> **Dataset excerpt**
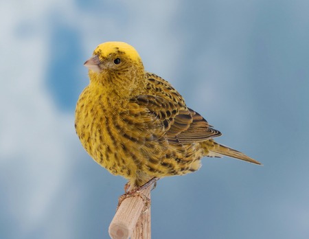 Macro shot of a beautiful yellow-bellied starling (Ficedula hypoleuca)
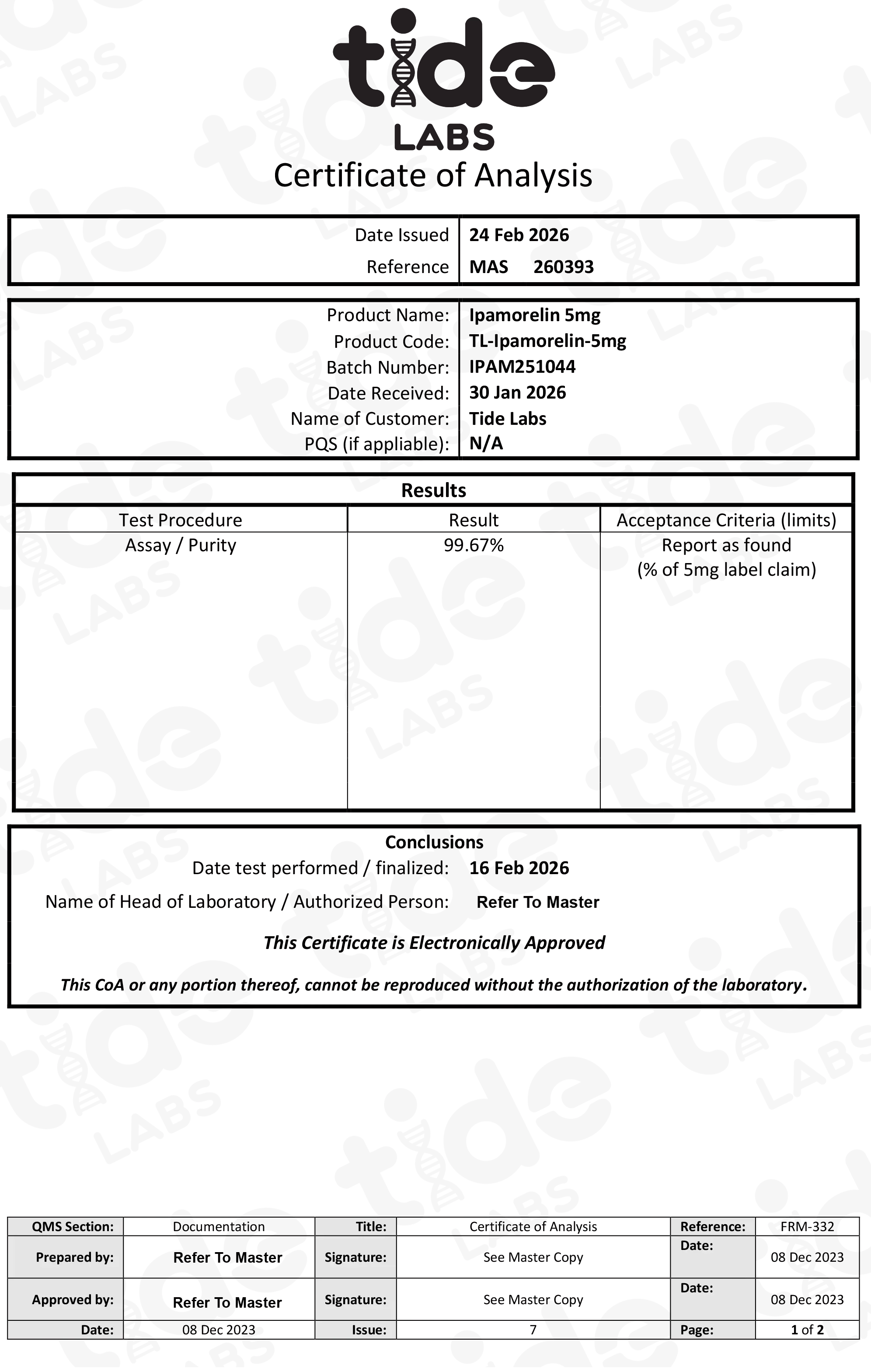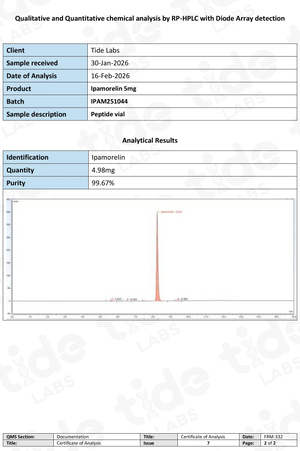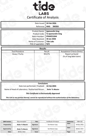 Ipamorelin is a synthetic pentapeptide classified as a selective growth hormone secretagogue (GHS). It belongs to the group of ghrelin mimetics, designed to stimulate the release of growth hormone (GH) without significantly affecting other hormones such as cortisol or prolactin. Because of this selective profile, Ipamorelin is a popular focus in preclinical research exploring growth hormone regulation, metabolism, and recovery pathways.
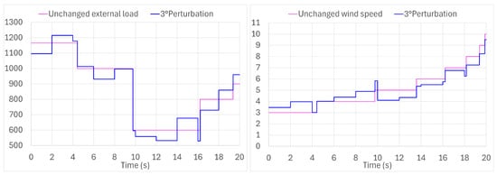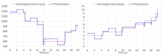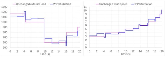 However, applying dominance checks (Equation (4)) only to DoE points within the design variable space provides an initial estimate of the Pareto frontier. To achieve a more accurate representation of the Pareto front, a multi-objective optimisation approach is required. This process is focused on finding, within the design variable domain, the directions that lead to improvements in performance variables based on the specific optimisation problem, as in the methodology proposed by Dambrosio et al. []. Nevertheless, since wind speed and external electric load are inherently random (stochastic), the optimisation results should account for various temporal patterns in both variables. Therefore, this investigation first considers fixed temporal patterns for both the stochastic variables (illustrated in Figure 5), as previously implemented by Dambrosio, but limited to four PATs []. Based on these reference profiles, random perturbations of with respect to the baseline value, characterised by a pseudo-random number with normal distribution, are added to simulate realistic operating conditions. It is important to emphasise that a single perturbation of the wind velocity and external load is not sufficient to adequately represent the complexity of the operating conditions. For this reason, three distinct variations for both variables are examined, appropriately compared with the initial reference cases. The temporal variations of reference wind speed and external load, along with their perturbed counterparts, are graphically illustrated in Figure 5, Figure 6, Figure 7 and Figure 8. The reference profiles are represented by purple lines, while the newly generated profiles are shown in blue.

> **Work to be completed**
Write out, word for word, the lines from the start of the data through the one holding "Ipamorelin is a synthetic". Omit pictures.

> **Solution**
 Macro shot of a beautiful yellow-bellied starling (Ficedula hypoleuca)
 Ipamorelin is a synthetic pentapeptide classified as a selective growth hormone secretagogue (GHS). It belongs to the group of ghrelin mimetics, designed to stimulate the release of growth hormone (GH) without significantly affecting other hormones such as cortisol or prolactin. Because of this selective profile, Ipamorelin is a popular focus in preclinical research exploring growth hormone regulation, metabolism, and recovery pathways.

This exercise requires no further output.